CATHERINE BROWN, Lighthouse Trails Publishing, 160 Pages, Hardcover, $22.95
The author (using a pseudonym) recounts how she came to salvation in Jesus Christ. Her experiences are unusual, as she was a hippie who came to Christ through reading His Word, was discipled by a Christian hippie, and learned about the Trinity by—according to her own account—“meeting” each of the Persons of the Trinity separately. However, her salvation testimony, flakey or not, lays the foundation for the rest of the book.
By the way, the writing style seems to improve as the book continues, or maybe the story becomes so engrossing that the style weaknesses (such as incorrect word use) are no longer as noticeable.

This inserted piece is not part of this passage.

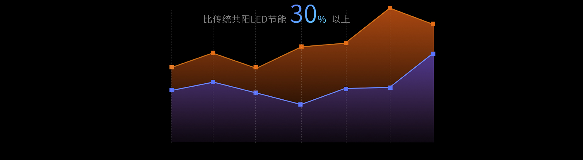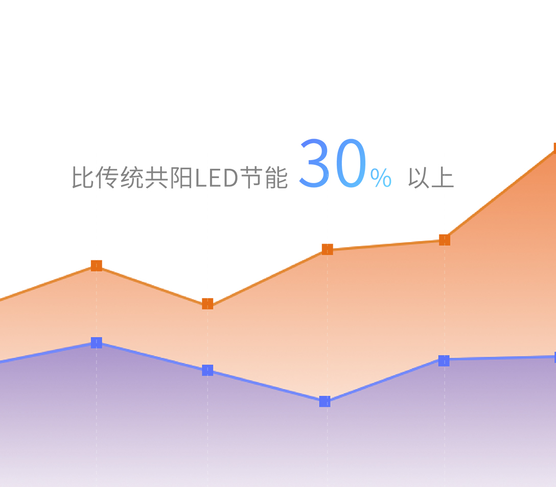全新低功耗驱动IC,降低能耗的同时将发光芯片光效发挥到最大,同等亮度及参数下,比传统共阳LED节能30%以上,实现近距离低温无感知。

Catherine was saved and eventually married the man she had been living with. Her new husband “repented and gave his life to God,” but there’s no mention of his coming to saving faith in Jesus Christ or receiving Jesus as his Savior. His subsequent life reveals that he was not born again. Nevertheless, he represented himself as a Christian, tried in his own power to clean up his life, and even attended a Bible college for several months. Eventually the couple divorced.
The part of the story relevant to believers and churches today begins when Catherine learns that her ex-husband is sexually abusing their four children. Her story tells how God’s grace and power in her children’s lives broke the cycle of generations of sexual abuse—the sins of the fathers being visited upon the children, as she says.
Catherine learned slowly over time the extent of the abuse that her children suffered when they visited their father and his family. The story covers Catherine’s efforts to keep her children safe from further abuse, the legal aspects and trial, and how God carried them all through that difficult time. The perpetrators went unpunished in this life; justice was not served by the legal system. And perhaps because of that outcome, this is a story of true victory in Jesus.
Laughter Calls Me would be a good book to read and discuss, particularly concerning the ramifications for a church’s ministry to people like Catherine and her children.